* [Problem to solve]
Nothing beyond the line containing "- With below" is to be printed; print exactly each line from the start of the records below through that line, leaving out pictures.

Collected data:
..........
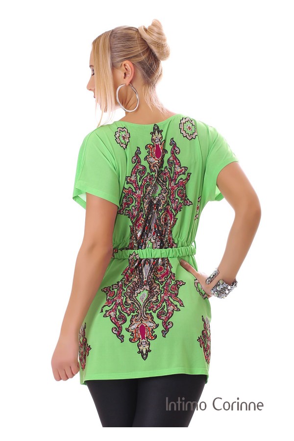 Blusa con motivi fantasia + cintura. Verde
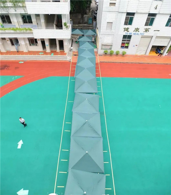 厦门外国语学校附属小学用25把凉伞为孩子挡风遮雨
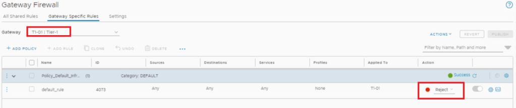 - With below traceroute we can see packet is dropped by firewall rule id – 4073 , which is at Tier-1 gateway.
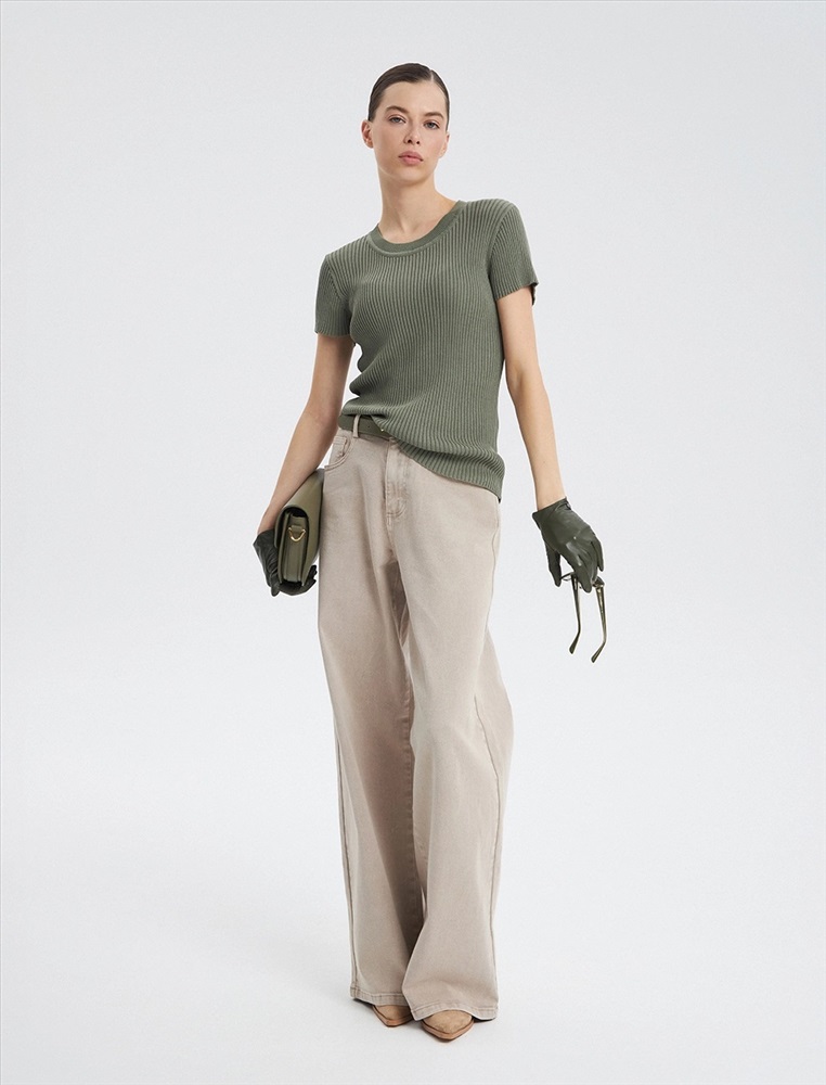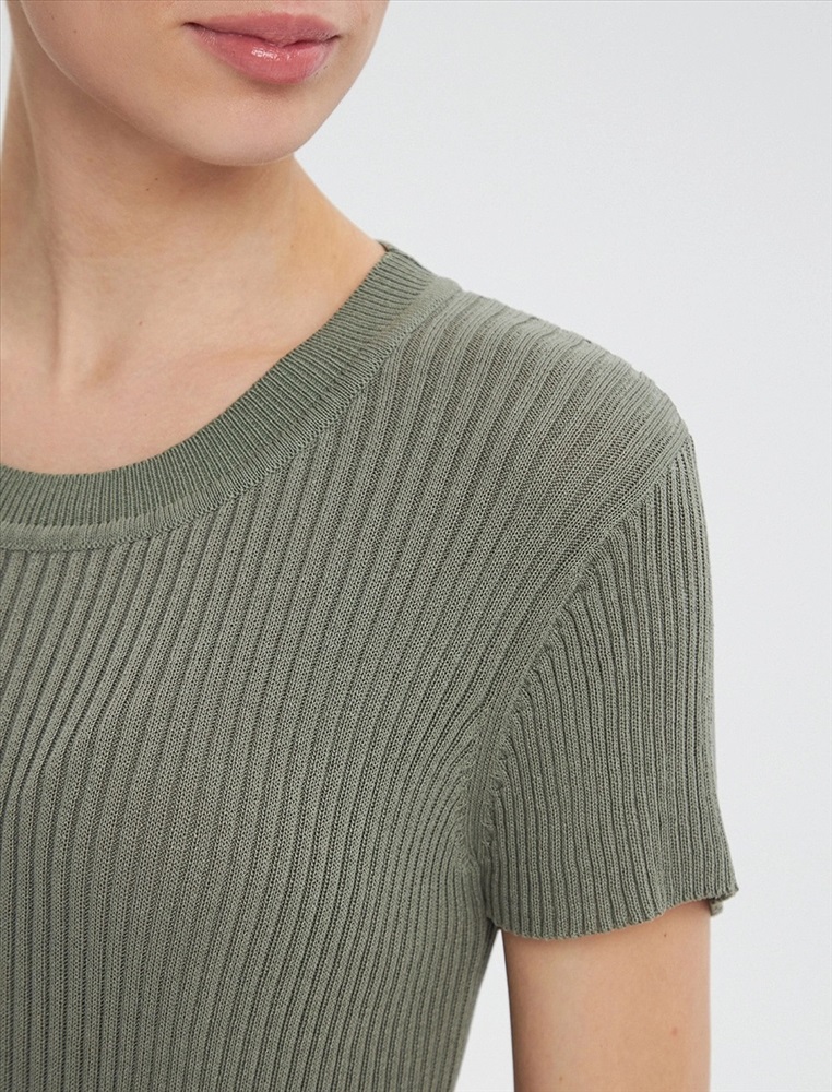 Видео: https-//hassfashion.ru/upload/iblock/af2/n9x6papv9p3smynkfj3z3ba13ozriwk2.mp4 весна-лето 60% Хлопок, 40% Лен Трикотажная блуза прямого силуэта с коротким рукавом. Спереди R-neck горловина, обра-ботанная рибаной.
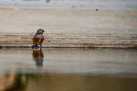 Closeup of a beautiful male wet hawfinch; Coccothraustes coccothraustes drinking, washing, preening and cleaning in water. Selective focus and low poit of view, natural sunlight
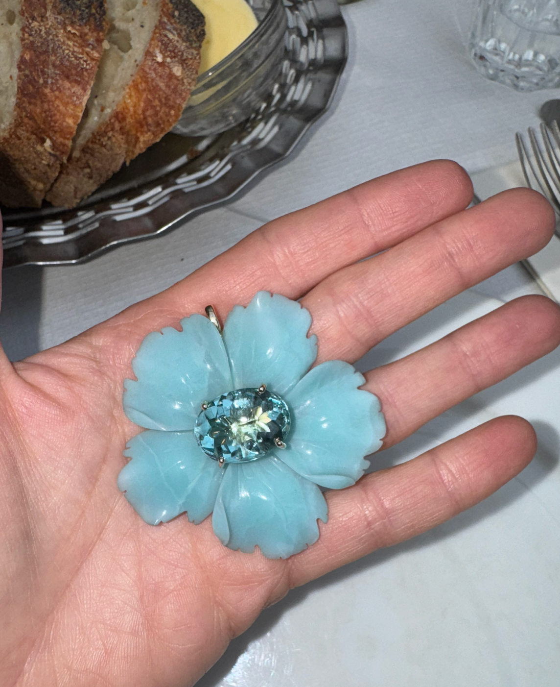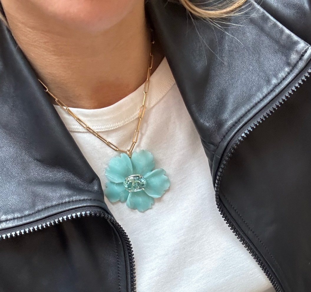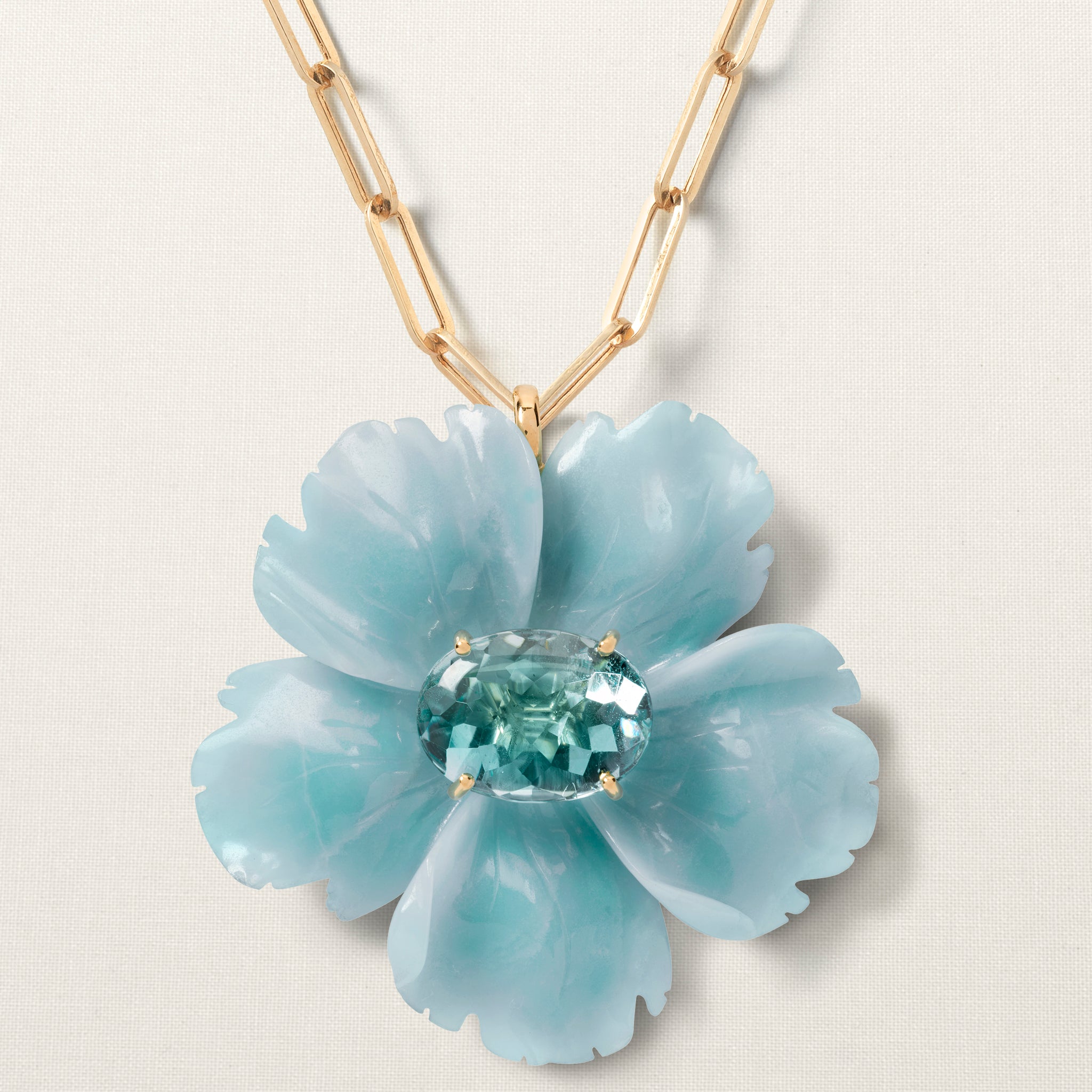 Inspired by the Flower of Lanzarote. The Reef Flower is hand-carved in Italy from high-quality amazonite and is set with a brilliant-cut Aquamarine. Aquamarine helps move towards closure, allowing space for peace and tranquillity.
..........
* [Response box]
 Blusa con motivi fantasia + cintura. Verde
 厦门外国语学校附属小学用25把凉伞为孩子挡风遮雨
 - With below traceroute we can see packet is dropped by firewall rule id – 4073 , which is at Tier-1 gateway.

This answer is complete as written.